28 Feb.: Corrected
With the Afghan congress having passed an amnesty bill, all eyes are on President Karzai as he considers whether to issue a veto. The Afghan presidency has a veto on legislation that can be overridden only by a two-thirds vote in
each the lower house of congress.*
The bill passed the upper house with more than a 75% support (50-16). However, despite considerable searching on both Google and Lexis Nexis, I was unable find a report of the vote in the lower house, except that it was by “majority” (obviously). Thus I am uncertain whether the lower house would have the two-thirds vote needed to override a veto.

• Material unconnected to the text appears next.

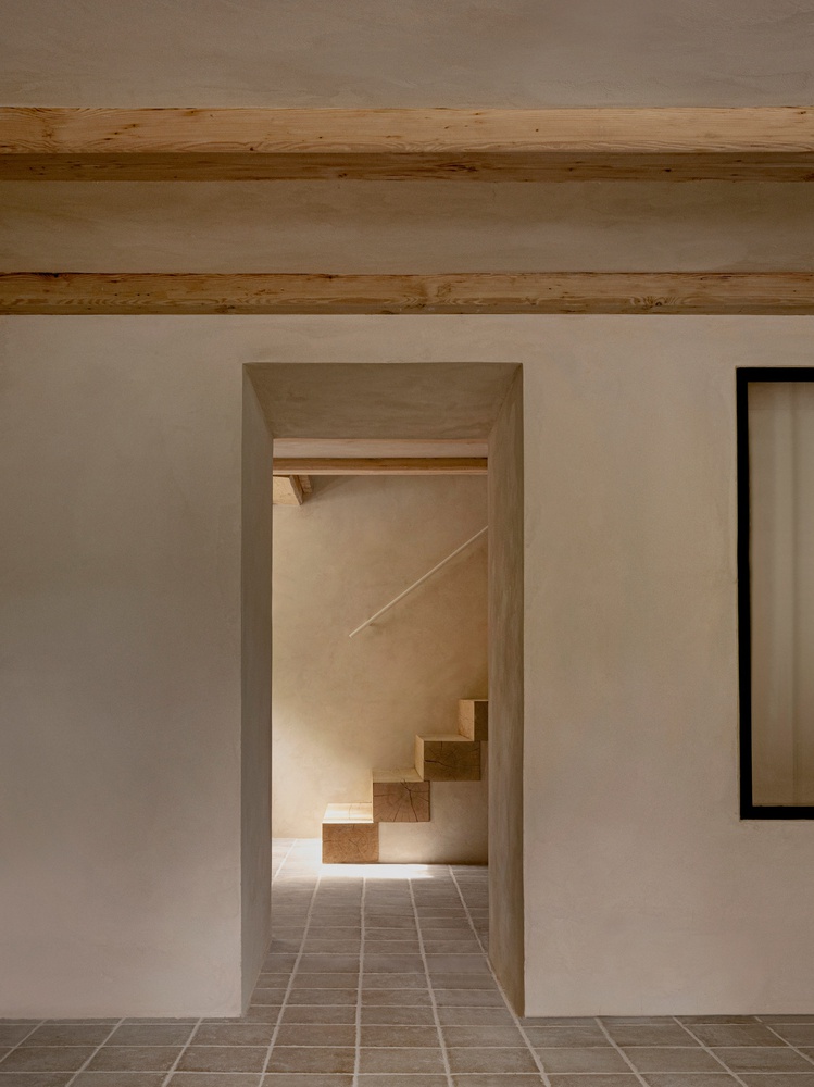 Inside, the walls and ceilings are finished with a breathable Jurassic lime glue, a material typically used only as a base layer but here left exposed for its raw, tactile beauty.
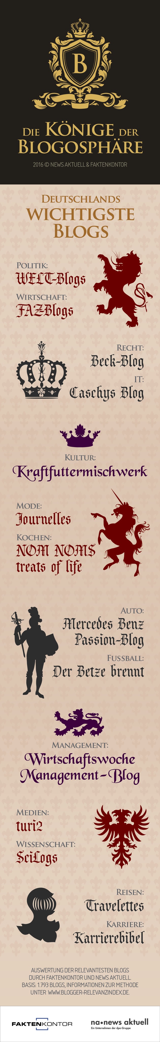 1. Sichtbarkeit im Internet nach SEO-Tool Sistrix 2. Anzahl der Links, die zum jeweiligen Blog führen 3. Vernetzung des Blogs in sozialen Medien 4. Anzahl von Beiträgen innerhalb der letzten drei Monate 5. Anzahl von Kommentaren innerhalb der letzten drei Monate Die wichtigsten deutschen Blogs (inklusive Links): Politik: WELT-Blogs http://www.welt.de/debatte/weblogs Wirtschaft: FAZ-Blogs http://blogs.faz.net Recht: Beck-Blog http://blog.beck.de Kultur: Kraftfuttermischwerk http://www.kraftfuttermischwerk.de IT: Caschys Blog http://stadt-bremerhaven.de Auto: Mercedes Benz Passion-Blog http://blog.mercedes-benz-passion.com Mode: Journelles http://www.journelles.de Fußball: Der Betze brennt http://www.der-betze-brennt.de Kochen: NOM NOMS - treats of life https://nomnomrose.wordpress.com Karriere: Karrierebibel http://karrierebibel.de Wissenschaft: SciLogs http://www.scilogs.de Medien: Turi2 http://www.turi2.de Management: Wirtschaftswoche Management-Blog http://blog.wiwo.de/management Reisen: Travelettes http://www.travelettes.net Datenbasis: 1.793 Blogs aus der Mediendatenbank zimpel (www.zimpel.de) Zeitraum der Untersuchung: November 2015 bis Januar 2016 Untersuchungsmethode: Blogger-Relevanz-Index (www.blogger-relevanzindex.de)

I did, however, find an interesting transcript of a debate on Afghan Aina TV (via BBC Monitoring Service, 21 Feb., 2007), including this remark in support of the bill by Haji Abda, an MP from Balkh Province. The Moderator asked about international–specifically Human Rights Watch–opposition to the bill. The MP responded:
Those friends believe that jihadi leaders do not have a suitable status and are rights violators. When one looks at the election results, you will see how much respect these jihadi leaders enjoy amongst the people. When these objectors are asked as to how they entered parliament, then the problem will automatically be resolved. Those who entered parliament with majority of votes mean that the people elected them, but they say the people do not want them. If the people did not want them, why they voted for them?
I can’t deny the MP’s claim that the warlords and Jihadis and their allies who have seats are personally popular. But, of course, the idea that Jihadis in the Afghan parliament have majority support is a bit suspect, given the low turnout, and the small votes shares members received, thanks to the SNTV electoral system.
Abda himself won a whopping 3.7% of the vote in Balkh, where he was sixth of ten candidates elected. More than two thirds of the votes cast in Balkh did not go towards the election of any candidate.
* Apparently, while both houses must give their approval before a bill is presented to the president for his signature or veto, an override vote takes place only in the lower house. At least that is how I read the provisions on legislation in the constitution:
Article 94 [Legislation, Veto, Qualified Vote]
(1) Law is what both Houses of the National Assembly approve and the President endorses unless this Constitution states otherwise.
(2) In case the President does not agree to what the National Assembly approves, he or she can send the document back with justifiable reasons to the House of Representatives [Wolesi Jirga] within fifteen days of its submission.
(3) With the passage of this period or in case the House of Representatives [Wolesi Jirga] approves a particular case again with a majority of two-thirds votes, the bill is considered endorsed and enforced.